Ngl if I didn’t have impact drivers I’d probably hate Phillips screws a whole lot more
Comment on The torque better not be too strong with this one
Pothetato@lemmy.world 6 days agoIn my experience, Phillips heads strip more often than Robertson.
SirSamuel@lemmy.world 6 days ago
azertyfun@sh.itjust.works 6 days ago
Torx > Hex > Robertson > Pozidriv > Phillips > Slot.
This is not (just) the ramblings of a mad nerd, but objective fact derived from contact area between screwdriver and screw.
In practice hex does have one situational advantage over Torx, namely that they are almost always tightened with Allen keys which are more torque-y and can be used in tight spaces.
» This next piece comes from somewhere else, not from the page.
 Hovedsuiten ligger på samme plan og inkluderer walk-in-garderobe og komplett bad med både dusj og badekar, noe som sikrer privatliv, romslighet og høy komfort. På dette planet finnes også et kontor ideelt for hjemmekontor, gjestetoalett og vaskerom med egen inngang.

For every other application Torx wins. Every other head type is strictly inferior and only exists for legacy or penny-saving reasons.
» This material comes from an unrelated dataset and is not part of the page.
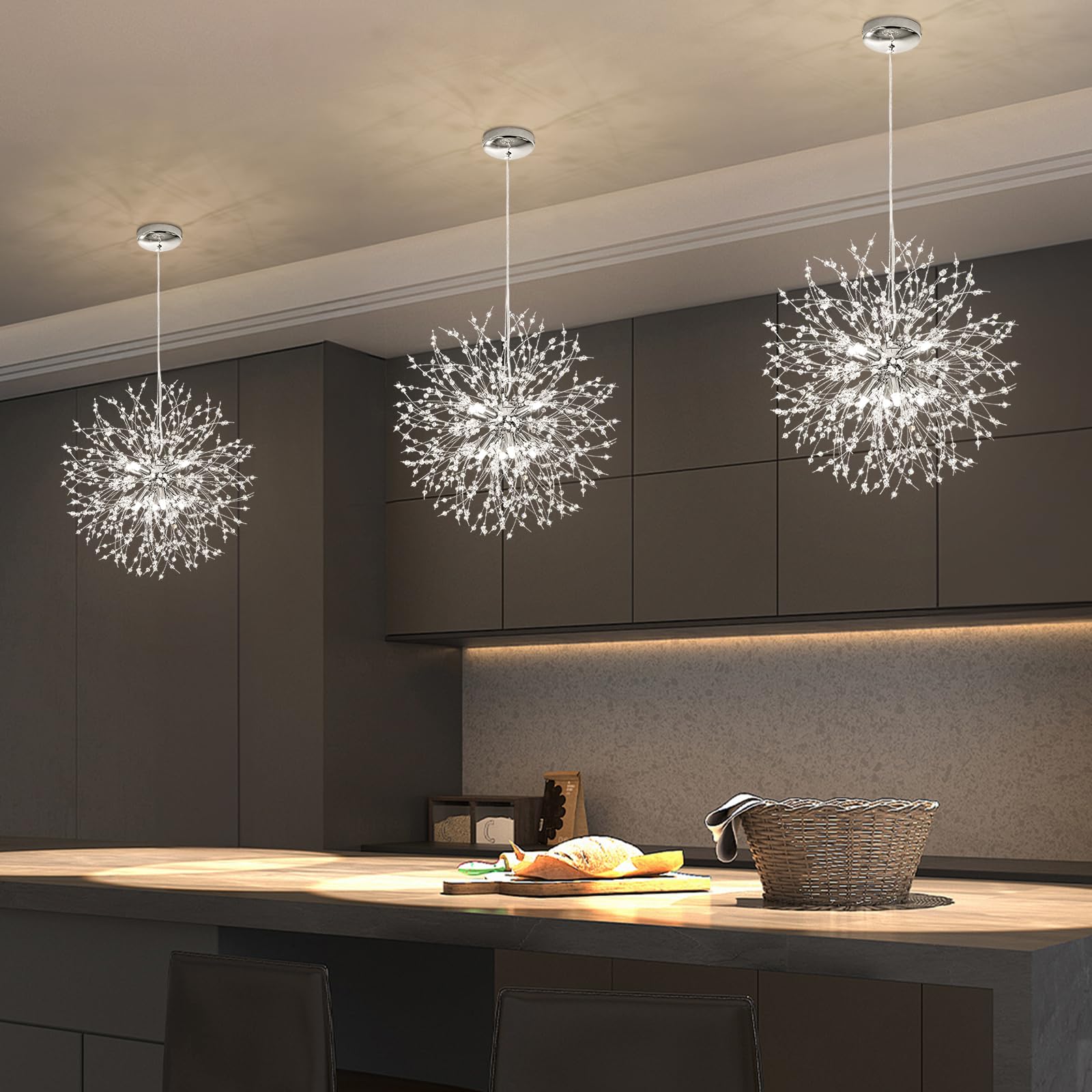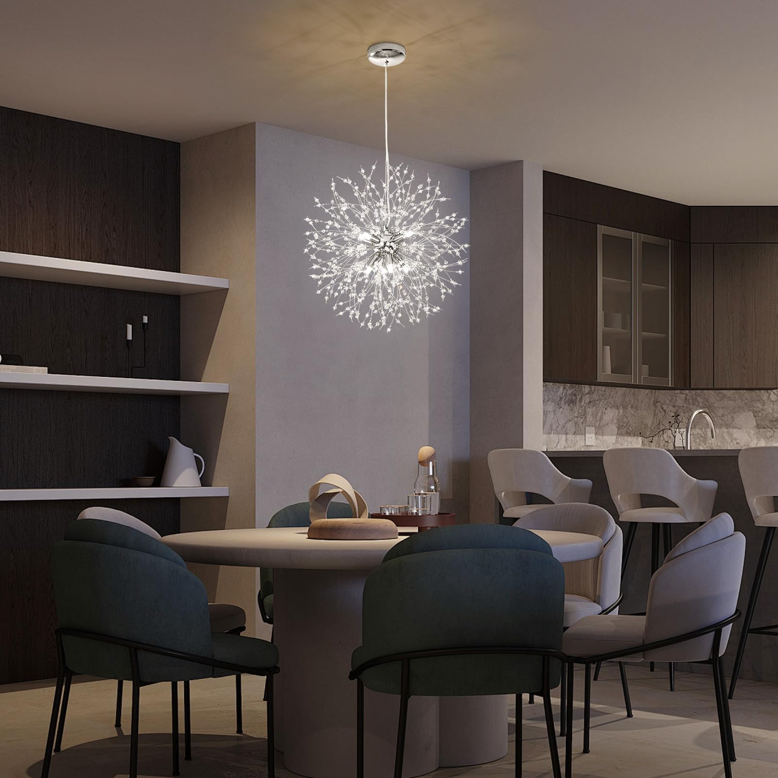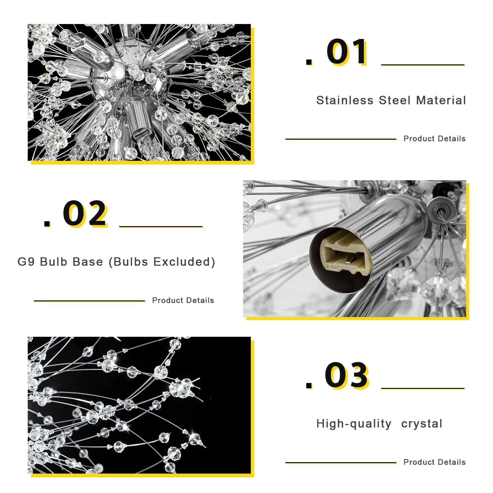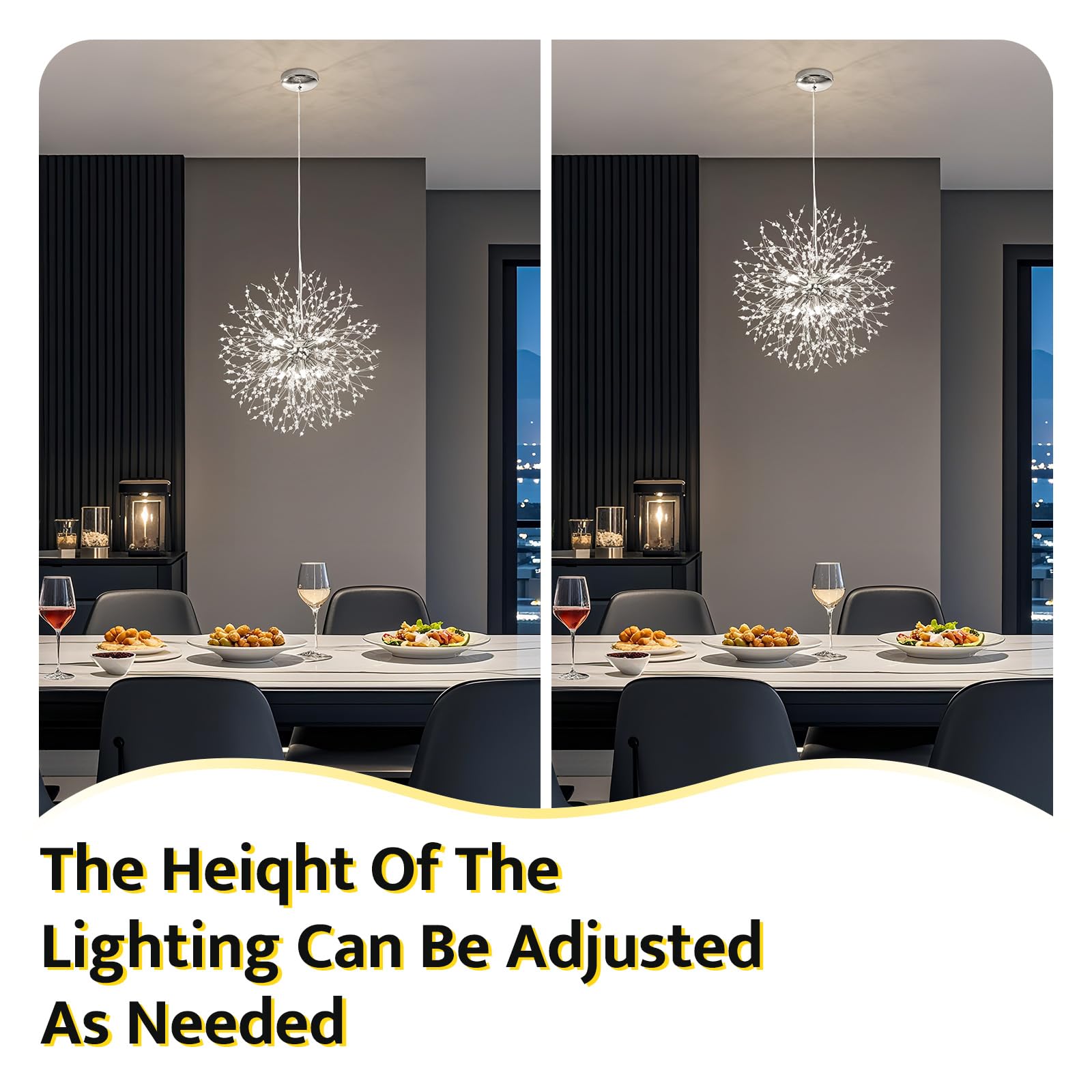 Unique Crystal Design :The diamond starry design of these chandeliers is truly mesmerizing. The quiet stars emit a bright light, resembling a glowing dandelion and firework. The nano-cutting crystal beads add an extra touch of elegance, scattering sunlight into beautiful rainbows. When the light hits the crystal beads, they create hundreds of rainbow prisms in the air

marcos@lemmy.world 6 days ago
What they don’t say is that the smaller the features on the contact, the easier it is to strip them. This almost reverses the order on your post depending on the way you tighten the screw.
azertyfun@sh.itjust.works 6 days ago
For hex yes, for Torx no. Your smartphone’s itty bitty screws are quite possibly T4 or similar.
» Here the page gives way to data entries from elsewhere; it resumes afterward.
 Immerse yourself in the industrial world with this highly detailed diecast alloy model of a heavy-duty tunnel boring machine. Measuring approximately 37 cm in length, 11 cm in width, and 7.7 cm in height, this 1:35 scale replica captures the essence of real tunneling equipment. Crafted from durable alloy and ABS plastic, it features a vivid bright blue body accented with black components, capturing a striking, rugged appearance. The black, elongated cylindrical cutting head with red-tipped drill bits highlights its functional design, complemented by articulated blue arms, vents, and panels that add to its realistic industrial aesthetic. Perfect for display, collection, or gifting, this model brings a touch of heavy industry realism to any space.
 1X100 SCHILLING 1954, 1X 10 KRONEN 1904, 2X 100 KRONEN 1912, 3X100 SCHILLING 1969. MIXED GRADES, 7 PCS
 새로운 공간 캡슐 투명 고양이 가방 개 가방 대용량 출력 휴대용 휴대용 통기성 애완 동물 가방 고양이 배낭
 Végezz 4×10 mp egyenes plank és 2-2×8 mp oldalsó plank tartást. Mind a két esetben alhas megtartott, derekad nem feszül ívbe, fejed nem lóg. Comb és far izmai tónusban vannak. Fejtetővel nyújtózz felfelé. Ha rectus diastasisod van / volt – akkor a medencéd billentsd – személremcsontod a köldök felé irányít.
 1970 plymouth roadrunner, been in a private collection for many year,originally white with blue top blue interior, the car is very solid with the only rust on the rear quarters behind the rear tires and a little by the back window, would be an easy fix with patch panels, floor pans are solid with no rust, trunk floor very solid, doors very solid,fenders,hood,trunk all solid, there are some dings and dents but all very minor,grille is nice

marcos@lemmy.world 5 days ago
Torx is more resilient to over-torsion than Hex, but both of them will end near the end of the list on that one metric, with slot first, and way ahead of anything else.
Despite what the Torx publicity says, engineering is done over a multitude of dimensions, and that one dimension Torx wins may not be nearly as important as some other random one.